Niemand, am wenigsten Aphrodite, ahnt, dass die Cyborgs in der Anlage ebenfalls auf einen Schläfer stießen, den sie zu einem der ihren machten: Robert J. Burch. Nach wie vor ist er dazu in der Lage, die Androidin über den grünen Fleck auf ihrer linken Wange – ein selbstreparierendes Implantat – zu kontrollieren und sie zum Töten zu zwingen. Aphrodite selbst erkennt als Erste, was mit ihr geschieht, ist aber machtlos, bis sie sich Marcus, der ihretwegen alle Menschen, die ihm etwas bedeutet haben, verloren hat, anvertraut und zu drastischen Mitteln greift.

„Aphrodite IX“ bleibt sich auch siebzehn Jahre nach ihrem ersten Auftritt (die 0-Nummer lag dem Magazin „Wizard“ bei) treu. In erster Linie besticht sie durch ihre Attraktivität, in zweiter durch das tödliche Mysterium, das sie umgibt. Marcus steht stellvertretend für das männliche Publikum, das ihr, ohne es zu wollen, verfällt, der (gezielt ausgeschütteten) Pheromone sei Dank.

Was er für seine Retterin empfindet, bringt ihn in einen Gewissenskonflikt mit seiner Pflicht als Nachfolger des ermordeten Monarchen, seines Vaters, denn das Gesetz verlangt die Eliminierung von Verrätern. Aphrodite, die selbst nicht genau weiß, was sie ist, und gern unter den Menschen leben würde, erkennt, dass sogar ihr Interesse an Marcus gesteuert ist und nicht wirklich von ihr ausgeht.

Was bleibt, ist eine verwirrte, aber starke Frau, die Entscheidungen treffen und Opfer bringen kann, weil sie das Richtige tun und frei sein möchte. Die Konsequenzen werden angedeutet und vermutlich in einem zweiten (ff) Paperback thematisiert, denn auch Freiheit ist relativ und temporär, wenn man die Ursache des Problems nicht hat ausmerzen können.

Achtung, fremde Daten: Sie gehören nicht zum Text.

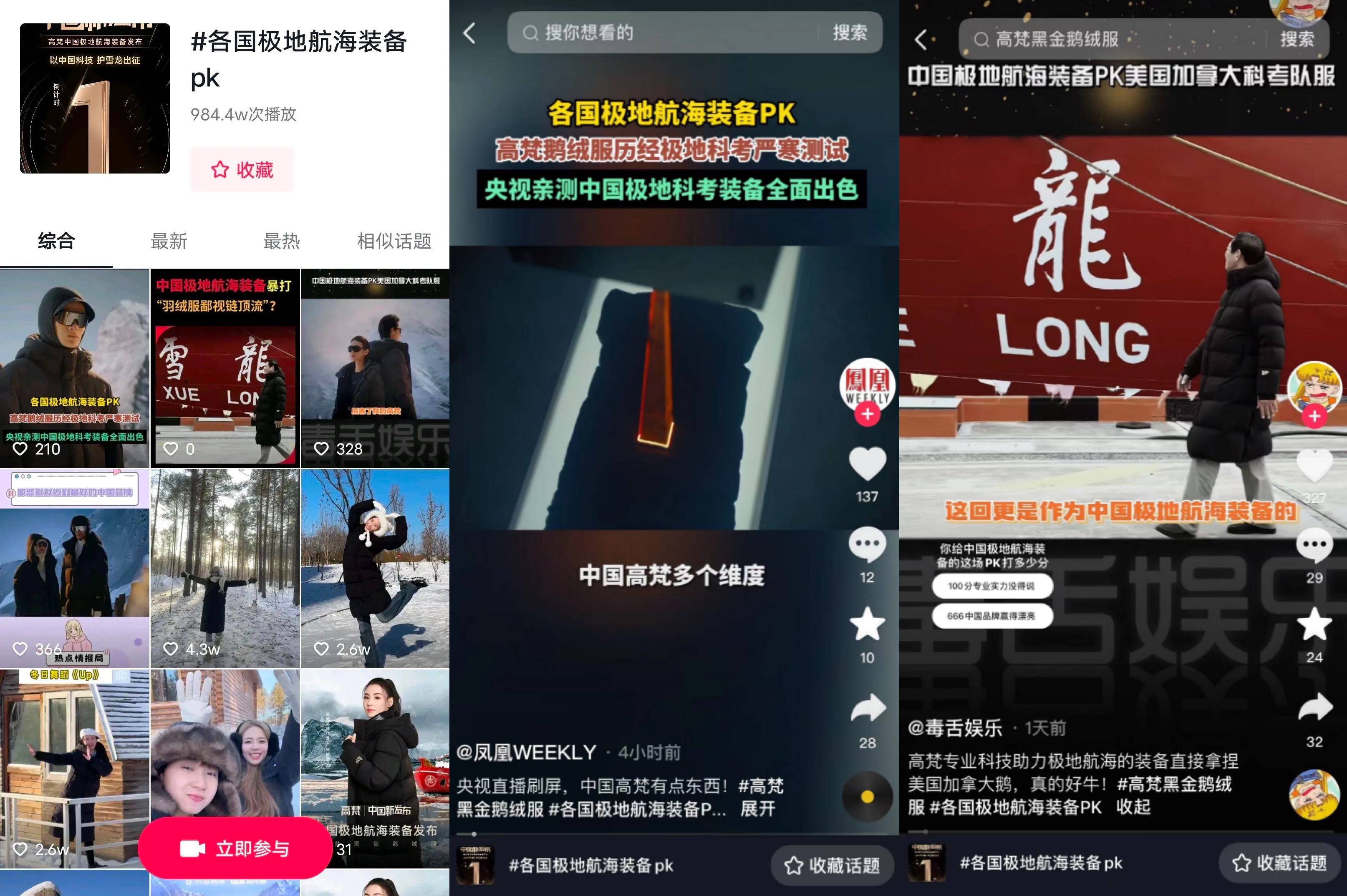 其次,為了進一步發(fā)酵新品直播發(fā)布會,同期發(fā)起#各國極地航海裝備PK 話題,多維度解讀央視網(wǎng)測試片段,不斷強化用戶對品牌與產(chǎn)品的感知。同時還在視頻中發(fā)起互動投票選項,深度激發(fā)消費者參與熱情。

Kennt man die jüngeren Episoden von „Witchblade“ und „Artifacts“, ist man mit dem Digital Artwork von Stjepan Sejic vertraut. Seine Aphrodite trägt dieselbe Leidensmiene wie Sara Pezzini, Dani Baptiste, Finch (!) etc. sowie die männlichen Charaktere. Freilich kann man sagen, dass nahezu jeder Penciler ‚seine‘ Gesichter hat, die einander ähneln und sie zugleich unterscheidbar machen von denen der Kollegen, aber bei Stjepan Sejic ist es besonders auffällig. Seine fotorealistischen Hintergründe und der Detailreichtum sind großartig, aber bei den ähnlichen Gesichtern, Körpern und Posen, den deutlich sichtbaren Nachbearbeitungen (per Hand) erkennt man die Grenzen der Zeichenprogramme.

Man darf daher geteilter Meinung sein, ob man Stjepan Sejics Illustrationen für das gegenwärtige Nonplusultra halten will – oder ob man den etwas weniger aufwändigen, comichafteren und mit der Hand gezeichneten, am PC bloß geringfügig bearbeiteten Zeichnungen den Vorzug gibt.

Unabhängig von dieser Frage bietet „Aphrodite IX“ eine spannende Endzeit-SF-Story, die das Rad gewiss nicht neu erfindet, doch Abwechslung in die Comic-Landschaft bringt, da das Genre vergleichsweise unterrepräsentiert ist und der Band insgesamt mit ansehnlichen Zeichnungen aufwartet.